Digital mammography systems, which were first approved for marketing in the United States in 2000, cost at least three times as much as film systems, according to ECRI, the nonprofit health services research agency that conducted the report. But the technology does offer some advantages over X-ray film: The images are stored directly in a computer system, which allows them to be digitally enhanced, magnified or distributed. Hassles of storing, processing and handling film are eliminated. In some cases, digital mammography requires slightly lower doses of radiation.

“Cost-effectiveness will ultimately determine whether full-field digital mammography technology is adopted, since hospitals must justify their purchase based on exam volume and patient population,” the report concluded.

The assessment is not the last word. The National Cancer Institute sponsored another new clinical study, enrolling 49,500 women in the United States and Canada. Each patient received both traditional and digital mammograms, with follow-up exams after one year.

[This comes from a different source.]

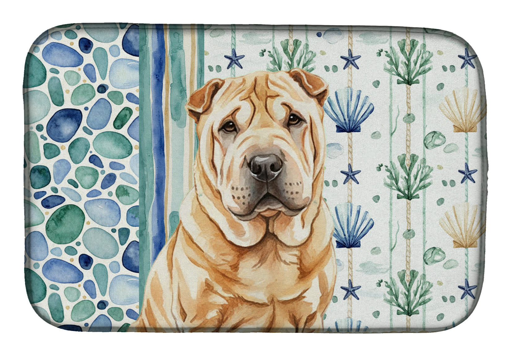 Shown here is the Red Shar Pei Coastal Sea Glass Dish Drying Mat from Caroline's Treasures featuring artwork of a Shar Pei in a Everyday design. The detailed illustration and vibrant colors make it a standout accent that celebrates both seasonal style and love for the subject. This image features a calming coastal watercolor pattern with soft seashells, seaweed, starfish, and pebble-inspired accents arranged in a repeating design. The soothing palette of blues, greens, and sandy neutrals creates a relaxed, beach-inspired look that adds a fresh and tranquil feel to any space. Everyday décor celebrates personal style and the small moments that make a house feel like home. Thoughtful designs add warmth and personality that can be enjoyed year-round. Say goodbye to messy countertops and soggy dish towels with our innovative dish drying mat. Our high-quality dish drying pad is designed to keep your countertops dry while offering a stylish and efficient solution. Whether you're air drying dishes, glasses, stemware, silverware, pots, pans, bottles, or even fruits and vegetables, our dish mat is the perfect choice. The 14 inches x 21 inches size fits most counters and dish drying racks, and the non-slip design ensures stability. Made with water-absorbent polyester and a polyurethane foam insert, our dish drying mat is not only functional but also durable. It's machine washable and printed in the USA for long-lasting use. The beautiful artwork adds flair to your kitchen decor, making it a perfect housewarming gift or present for any occasion. Upgrade your kitchen experience with our absorbent and versatile dish drying mat. Perfect for: Kitchen counters and sinks, everyday dish drying and countertop protection, Dogs-themed homes, or year-round use for Shar Pei lovers. Shar Peis are distinctive dogs known for their wrinkled skin and reserved temperament. This ancient breed is respected for its loyalty, independence, and calm demeanor. Makes a heartfelt gift for: Shar Pei owners, Dogs lovers, Everyday gifts, pet parents, friends who adore their Shar Pei, or anyone celebrating Dogs.

An analysis of that study is expected soon, but Robert Maliff, associate director of the Health Systems Group at ECRI, said he expected digital mammography to show only an incremental improvement, if anything. However, if doctors become convinced that digital images can be read just as accurately as X-rays, operational efficiencies might persuade institutions that do many mammograms to move toward the high-tech option. Maliff also predicted that some hospitals might adopt the technology for marketing reasons.

A separate study, reported in HealthDay, did find a factor that predicted more accurate diagnosis of mammograms: Doctors with 25 years of experience who read more than 2,500 mammograms each year are 30 percent better at finding cancerous tumors than doctors who read less than 800 a year. Detection rates for individual doctors ranged from 29 percent to 97 percent when cancers were present. Individual doctors falsely identified cancer in 1 percent to 29 percent of the mammograms they evaluated for the study.

The ECRI report was summarized by the Center for the Advancement of Health.